= Extracted data =
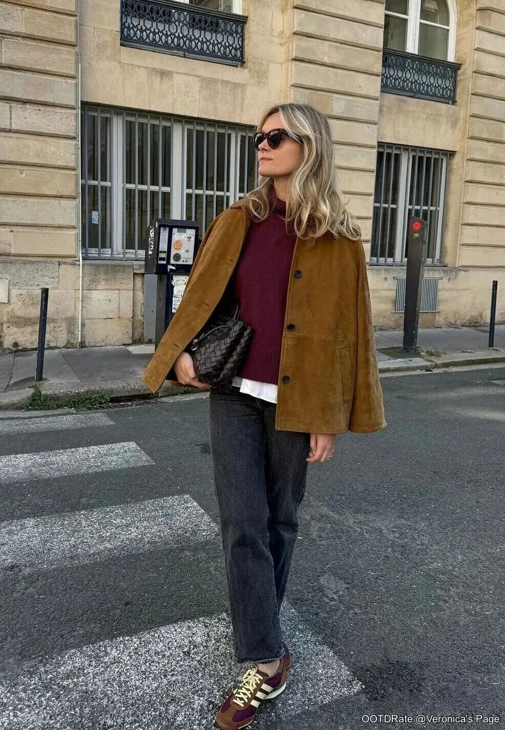 This outfit captures a classic and cozy autumn look with a modern twist. The rich brown suede coat acts as the centerpiece, its earthy tone harmonizing beautifully with the deep burgundy sweater underneath. The use of layers is strategic, with a white blouse subtly peeking out, adding depth and dimension to the ensemble.
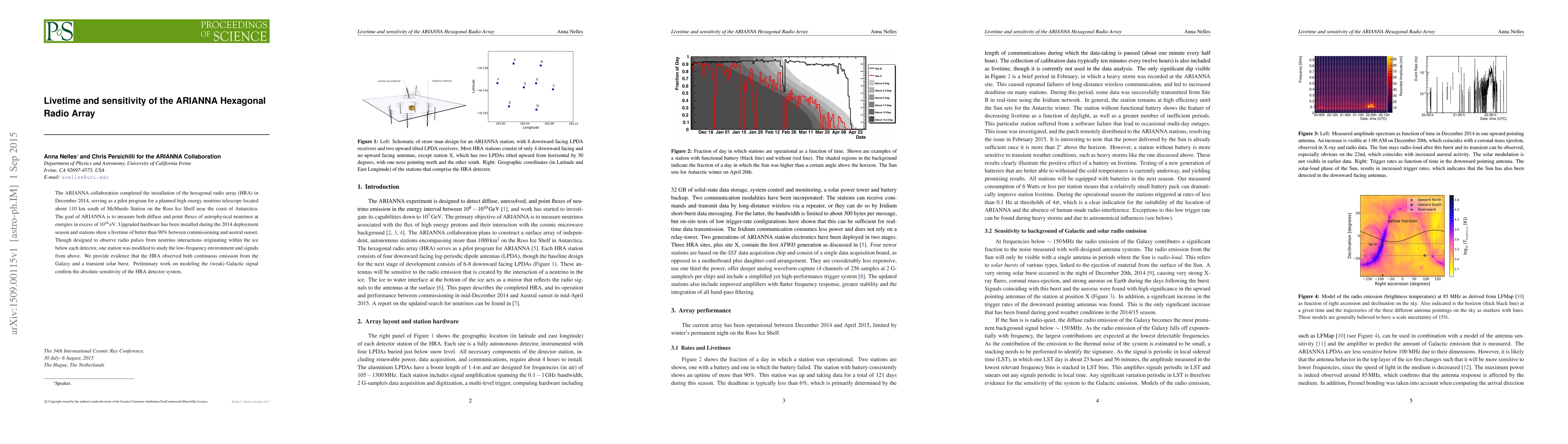 The ARIANNA collaboration completed the installation of the hexagonal radio array (HRA) in December 2014, serving as a pilot program for a planned high energy neutrino telescope located about 110 km south of McMurdo Station on the Ross Ice Shelf near the coast of Antarctica. The goal of ARIANNA is to measure both diffuse and point fluxes of astrophysical neutrinos at energies in excess of 1016 eV. Upgraded hardware has been installed during the 2014 deployment season and stations show a livetime of better than 90% between commissioning and austral sunset. Though designed to observe radio pulses from neutrino interactions originating within the ice below each detector, one station was modified to study the low-frequency environment and signals from above. We provide evidence that the HRA observed both continuous emission from the Galaxy and a transient solar burst. Preliminary work on modeling the (weak) Galactic signal confirm the absolute sensitivity of the HRA detector system.
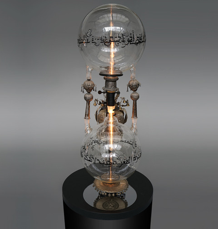 Sacred text engraved on the sculpture’s glass beakers in Hebrabic/Arabrew—a melding of Hebrew and Arabic phrases that I created in 2010—form a metaphorical parallel to Maimonides: a contemporary exploration of traversing the cultural chasm of otherness. The intertwining languages also invite a point of contemplation. Though these two cultures have become disparate in our contemporary existence, with compassion, there is a parallel narrative where contrasting ideologies have the potential to co-exist. In the impending global shift toward exclusion and segregation, the axis of light traversing the glass spheres evokes humanity’s connectivity.
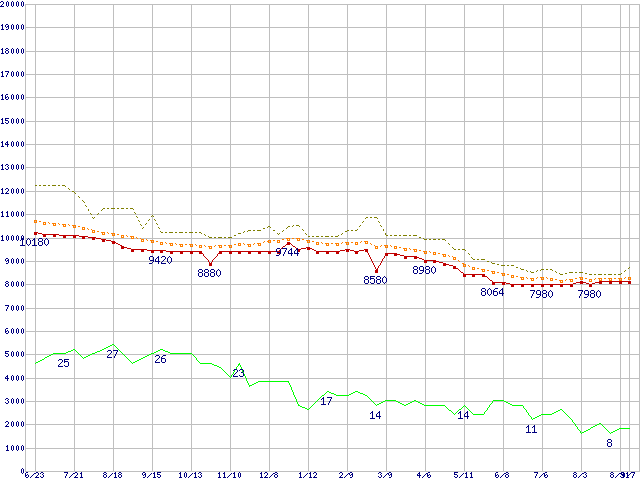 ※このグラフは過去のデータも税率5%相当に調整した税込み相当額のグラフです。 税率変更や、総額表示方式導入(2004年4月)の影響は除いています。 | | | ●凡例 | 最安値 (点線部は販売店未確認 または未調査) | 平均値 | 最高値 | ショップ数 |
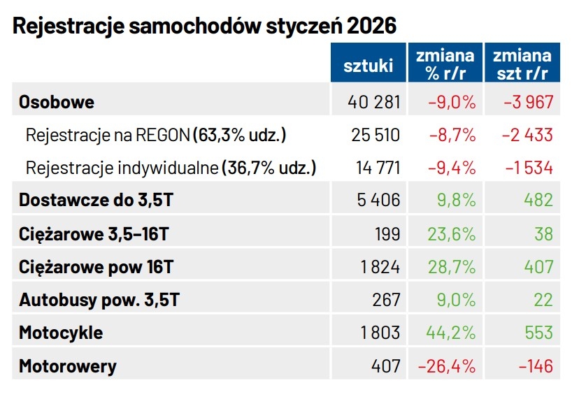 Rejestracje pojazdów styczeń 2026
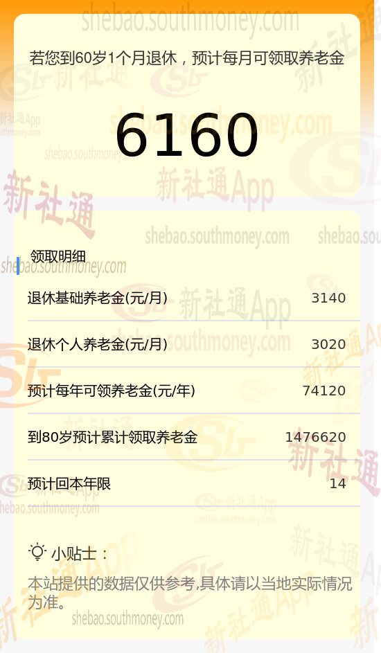 每月退休金总额=3140+3020=6160元/月。虽然数额不大,但足以让他的退休生活很惬意。
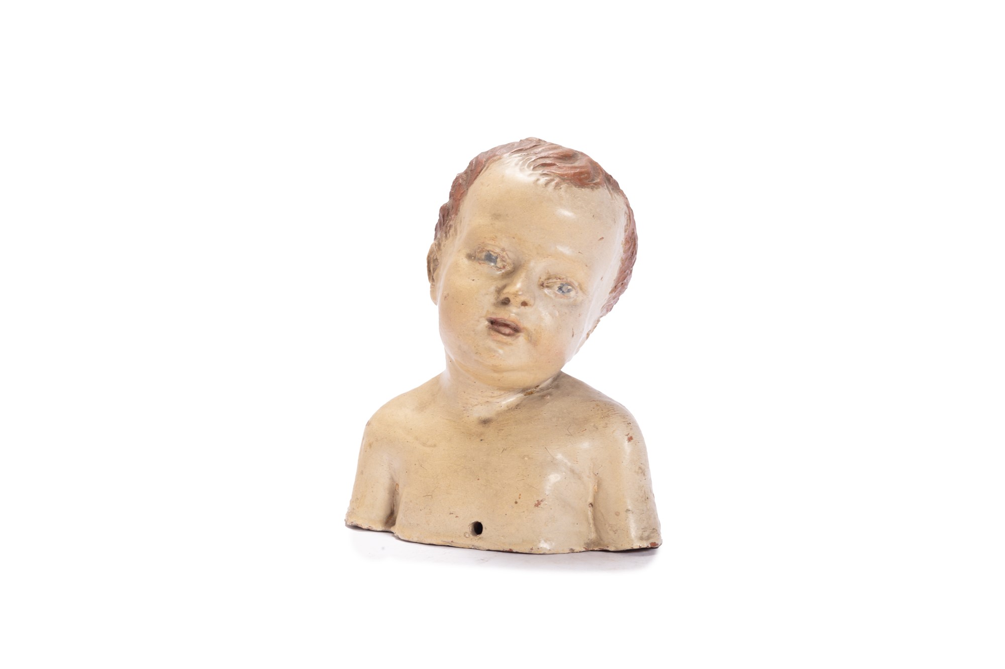 Scultura in terracotta policroma raffigurante busto di bimbo, secolo XIX
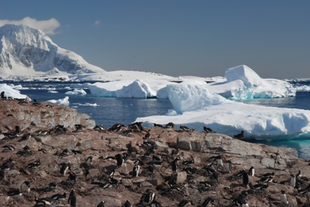 Même si elles sont situées aux antipodes de la Terre, les régions polaires sont particulièrement touchées par le réchauffement climatique. Ici, Une colonie de manchots paresse au soleil, lors du printemps antarctique, sur l'île Cuverville.
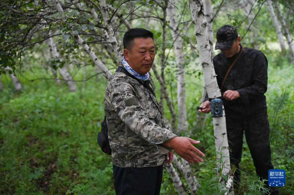 8月4日,白巴嘎那(左)指導同事架設紅外相機。
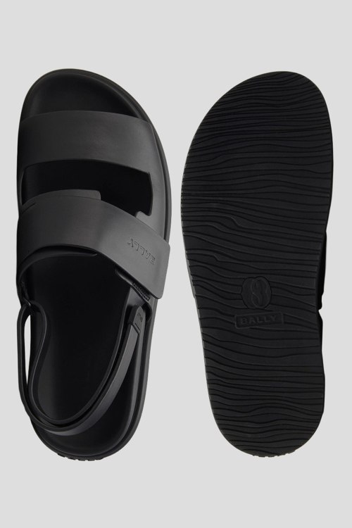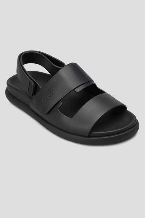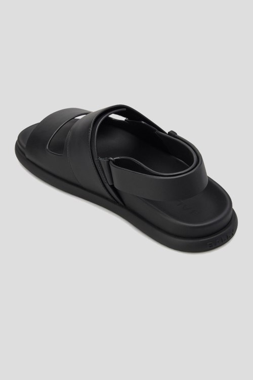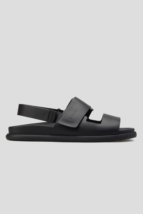 Детали: Мужские черные кожаные сандалии от Bally (Балли). Модель из гладкой кожи, тиснение логотипа, ремешки на липучке, закругленный носок
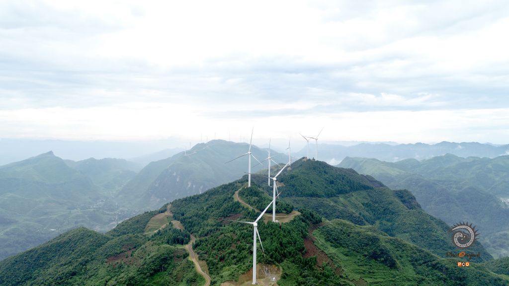 在贵州省纳雍县曙光镇坡头村,一排排风力发电机依山而建,不但为脱贫保驾护航,更是形成一道绝美景观。 拍摄时间:2021年7月19日 地 点:贵州省纳雍县曙光镇坡头村 摄 影 师:谢健锋 电 话:15808574575
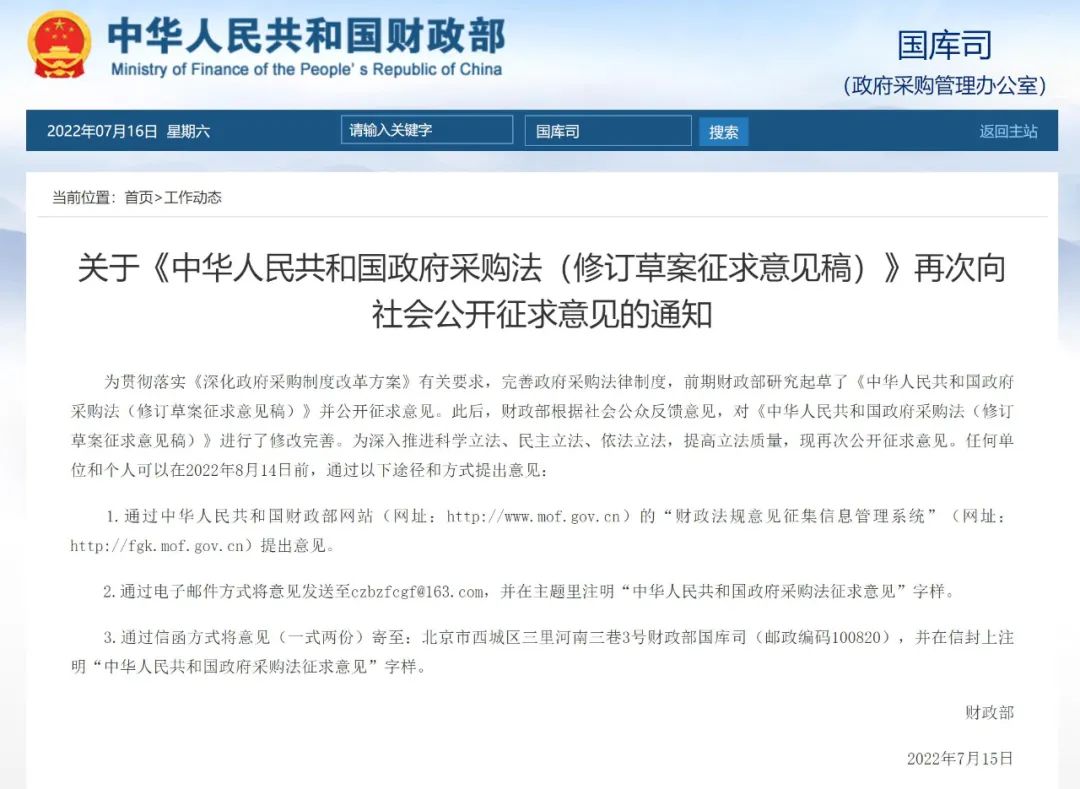 财政部 | 政府采購(gòu)法修訂再次征求.¥← ..
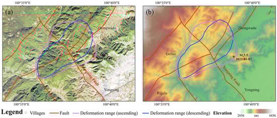 According to the characteristics of radar imaging geometry, the surface displacement in the LOS direction is a vector synthesis of the surface deformation in the north–south, east–west, and vertical directions projected in the LOS direction, respectively. For both uplifted and downgraded tracks, surface vertical deformation contributes to above 90% of the LOS-direction observations []. InSAR is most sensitive to the vertical deformation of the fault, and in terms of the coseismic deformation and the displacement field, the deformation is mainly dominated by subsidence before and after the earthquake. This is corroborated by the trend of the ascending and descending orbit deformation profile lines (Figure 5), showing the surface deformation caused by positive-fault type earthquakes. After superimposing the extent of the coseismic deformation zone on the remote sensing image with a resolution of 2.5 m of the resource satellite ZY-1 02D and Advanced Land Observing Satellite-1 DEM (ALOS DEM) with a resolution of 12.5 m, it can be seen that the deformation is mainly located in the northwest section of the Yongning Fault (Figure 12a,b). As the basin-controlling fault of the Yongning Basin, the Yongning Fault shows a straight linear extension with obvious topographic elevation differences on both sides, and steeply standing fault cliffs can be observed in the area from Yongning Town to Chenjiawan.
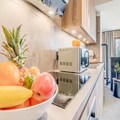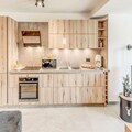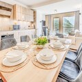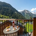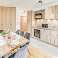 The apartment is fully equipped for your comfort, with a modern kitchen featuring an oven, microwave, induction hob, refrigerator, freezer, and dishwasher. Additional amenities include free WiFi, covered parking with bike storage, and electric vehicle charging options. The spacious dining area with a large wooden table and leather chairs makes it perfect for family meals or gatherings after a day of exploring the mountains. End-of-stay cleaning (excluding the kitchen) is included for a seamless experience.
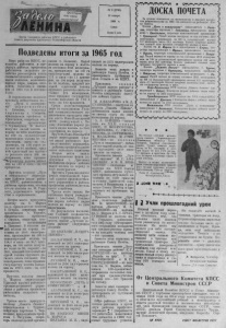 Орган Северного райкома К П С С и районного С о в е т а депутатов трудящихся Новосибирской области № 8 (2798) 19 января 1966 г. Среда Ц ена 2 коп. Подведены итоги зд 1965 год Бюро райкэма К П С С , исполкома райсовета и президиум райкома профсоюза работников сельского хозяйства рассмотрели итоги социалистического соревнования колхозов, молочнотоварных ферм, доярок, скотников, телятниц и свинарок за 1965 год и постановили: В соревновании колхозов признать победителем колхоз „ П у т ь к коммуниз- м у “ (п р е д с е д а т е л ь т. Еемелев, секрета)] и а р т к о ма т. Столетов, председатель профкома т.- Крестьянов, секретарь комсомольской организации т. Кузнецова). В колхозе получен надой молока н. корову по 2253 килограмма, на 100 га сельхозугодш произведено молока но 111 центнеров, мяса —по 14,1 центнера, на 100 коров получено по 91 телёнку, средний сдаточный вес крупного рогатого скота 266 ки лограммов, план продажи "‘Государству молока выполнен на 105 и м яса— на 107 процентов. В р у ч и т ь колхозу „ П у т ь к коммунизму" переходящее Красное знамя райкома К П С С , райисполкома и райкома профсоюза, отозвав его из колхоза им. М. Г о р ь кого, у к а т и в ш е г о первенство в соревновании. Второе место присудить колхозу им. К . Маркса (и. о. председателя колхоза т. Егоров, секретарь парторганизации т. Юревич, председатель профкома т. Окунев, секретарь комсомольской организации т. Петрова). В колхозе наядой молока на корову составил по 2013 килограммов, произведено на 100 га сельхозугодий молока по 158,4 и м яса—по 30,7 центнера, на 100 маток п олу че но телят по 94, поросят—по 2831, средний сдаточный вес одной головы крупного рогатого скота составил 259 килограммов, план продажи государству молока выполнен на 109 и мяса — на 150 процентов. В р у ч и т ь колхозу имени К . Маркса переходящий Кр а с н ы й вымпел районного производственного уп р авления и райкома профсоюза работников сельского хозяйства. Третье место присудить колхозу „ П а м я т ь Ленина" (председатель т. Чуркин, секретарь парткома т. Чер- ношвец, председатель профкома т. Петухова, секретарь комсомольской организации т. Зеленин). Надой молока на корову в колхозе составил 2 0 43 килограмма, произведено на 100 га сельхозугодий молока по 111 и м я с а— по 11 центнеров, на 100 коров получено по 9 3 телёнка, средний вес одной сдаточной головы крупного рогатого скота составил 2 7 4 килограмма, план продажи государству молока выполнен на 110 и м я с а - н а 1оо процентов. Среди молочнотоварных (терм по выполнению У с л о вий социалистического со ревнования присудить первое место Ново-Никольской V IТ Ф (заведующий т. По- (ов). Коллектив фермы д о- h i лея надоя молока по 2563 килограмма на корову. ; Вр у ч ить Ново-Н икольской (>ерме переходящее Кр ас юе знамя районного про- юводствениого управленш 1 райкома профсоюза работников сельского хозяйства Второе место занял. Гражданцевская ферма ( з а ведующая т. Дрючина). Коллектив фермы добило; надоя молока, на корову ж 2410 килограммов. В р у ч и т ь Гражданцевско! £ерме переходящий Крае- 1ый вымпел производственного управлении и райком; профсоюза работников сельского" хозяйства. Третье место заняла Ве селовская ферма (заведующая т. Акатьева). Ко ллек тив фермы добился надоя молока на корову по 24 0 3 килограмма. По результатам выполнения У с л о в и и социалистического соревнования присвоить звание „ Л у ч ш а я доярка района" следующим до
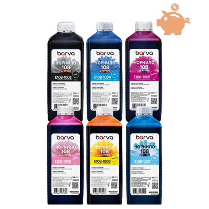 Совместимые чернила Epson 108 Barva Ищете способ печатать много и дешево без потери качества? Литровая фасовка чернил Barva (Epson 108) – это ваш выбор номер один. Покупая литровые чернила, вы получаете огромный запас краски по цене, которая в разы выгоднее мелкой фасовки.
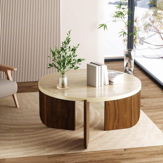 Doğal Taş Dokulu Yuvarlak Modern Traverten Orta Sehpa
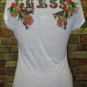front print scoop neck Guess t shirt, short sleeve, the back has print and Guess written across the shoulder
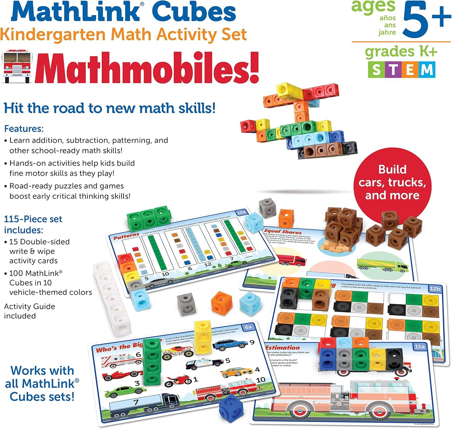 Hit the road to new math skills! Kids learn addition, subtraction, patterning, and other school-ready math skills with the hands-on puzzles, games, and math manipulative challenges found within MathLink Cubes Kindergarten Math Activity Set: Mathmobiles! from Learning Resources. Designed especially for kindergarteners, this educational toy pairs the popular hands-on math manipulatives with a fun set of vehicle-themed challenges that grow with students’ skills. As they explore the 15 double-sided write-and-wipe cards, kids use their connecting cubes to learn kindergarten math fundamentals including sequencing, addition and subtraction, and more! In addition to the cards, the MathLink Cubes Kindergarten Math Activity Set also includes a guide with even more learning ideas and homeschooling activities! Plus, each math challenge turns into hands-on play with the help of 100 included MathLink Cubes in 10 vehicle-theme colors—use the linking cubes to build a car, truck, train, and more! This MathLink Cubes Kindergarten Math Activity Set works with all MathLink Cubes sets—build even more skills!
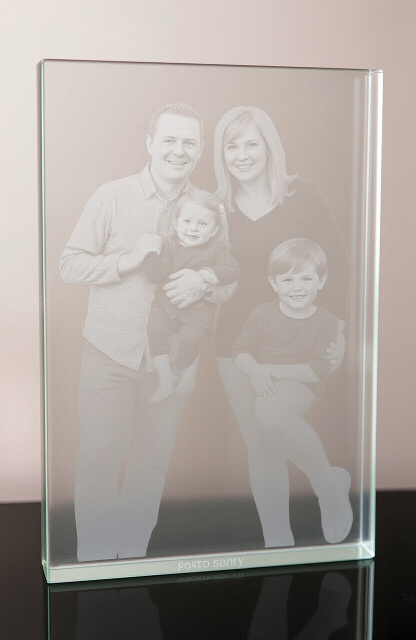 Turn photos into etched portraits on glass. Capture your family’s essence in a unique way, with each detail carefully etched. It’s a decorative piece and a cherished keepsake.
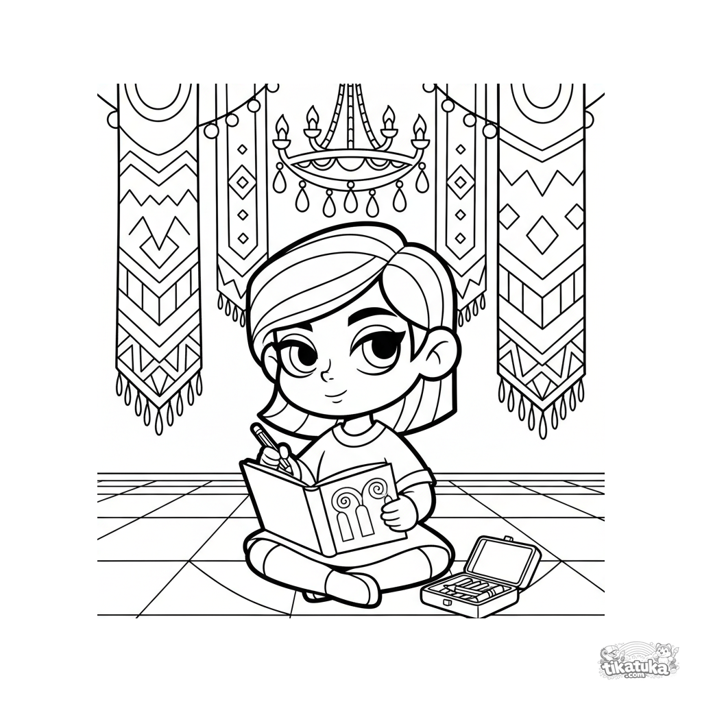 Coloring page for tweens 7-9: an artistic girl sketching the decorations of a festive hall in her sketchbook. A creative scene with a pencil case.

= About this exercise =
The data above holds the lines to copy: start at the one with "8月4日,白巴嘎那(左)指導同事架設紅外相機。", stop at the one with "财政部 | 政府采購(gòu)法修訂再次征求.¥← ..", include both, copy them exactly without pictures, and copy nothing else.

= Written response =
 8月4日,白巴嘎那(左)指導同事架設紅外相機。
 Детали: Мужские черные кожаные сандалии от Bally (Балли). Модель из гладкой кожи, тиснение логотипа, ремешки на липучке, закругленный носок
 在贵州省纳雍县曙光镇坡头村,一排排风力发电机依山而建,不但为脱贫保驾护航,更是形成一道绝美景观。 拍摄时间:2021年7月19日 地 点:贵州省纳雍县曙光镇坡头村 摄 影 师:谢健锋 电 话:15808574575
 财政部 | 政府采購(gòu)法修訂再次征求.¥← ..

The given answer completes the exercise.